In vivo effects of abused 'bath salt' constituent 3,4-methylenedioxypyrovalerone (MDPV) in mice: drug discrimination, thermoregulation, and locomotor activity.

Neuropsychopharmacology 2013 Mar 8;38(4):563-73. Epub 2012 Nov 8.

Department of Pharmacology and Toxicology, College of Medicine, University of Arkansas for Medical Sciences, Little Rock, AR 72205, USA.

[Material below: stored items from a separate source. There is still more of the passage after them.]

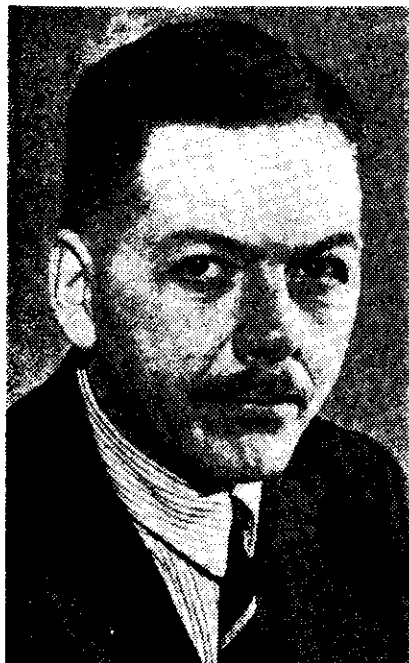
VICTOR HELY-HUTCHINSON, the BBC's Director of Music, whose "Overture to a Pantomime" will be heard in the programme "Music from Britain," from 2YH, Napier, at 8.0 p.m. on Wednesday, September 12. (See paragraph, page 4)
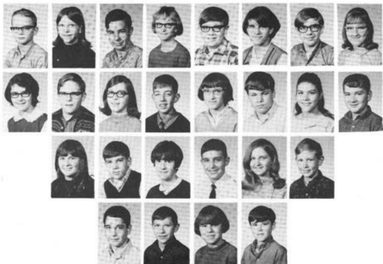
GRADE - 7
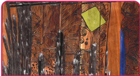
El Anatsui An artist and sculptor from Ghana.

In recent years, synthetic analogues of naturally occurring cathinone have emerged as psychostimulant-like drugs of abuse in commercial 'bath salt' preparations. 3,4-Methylenedioxypyrovalerone (MDPV) is a common constituent of these illicit products, and its structural similarities to the more well-known drugs of abuse 3,4-methylenedioxymethamphetamine (MDMA), and methamphetamine (METH) suggest that it may have similar in vivo effects to these substances. In these studies, adult male NIH Swiss mice were trained to discriminate 0.3 mg/kg MDPV from saline, and the interoceptive effects of a range of substitution doses of MDPV, MDMA, and METH were then assessed. In separate groups of mice, surgically implanted radiotelemetry probes simultaneously monitored thermoregulatory and locomotor responses to various doses of MDPV and MDMA, as a function of ambient temperature. We found that mice reliably discriminated the MDPV training dose from saline and that cumulative doses of MDPV, MDMA, and METH fully substituted for the MDPV training stimulus. All three drugs had similar ED(50) values in this procedure. Stimulation of motor activity was observed following administration of a wide range of MDPV doses (1-30 mg/kg), and the warm ambient temperature potentiated motor activity and elicited profound stereotypy and self-injurious behavior at 30 mg/kg. In contrast, MDPV-induced hyperthermic effects were observed in only the warm ambient environment. This pattern of effects is in sharp contrast to MDMA, where ambient temperature interacts with thermoregulation, but not locomotor activity. These studies suggest that although the interoceptive effects of MDPV are similar to those of MDMA and METH, direct effects on thermoregulatory processes and locomotor activity are likely mediated by different mechanisms than those of MDMA.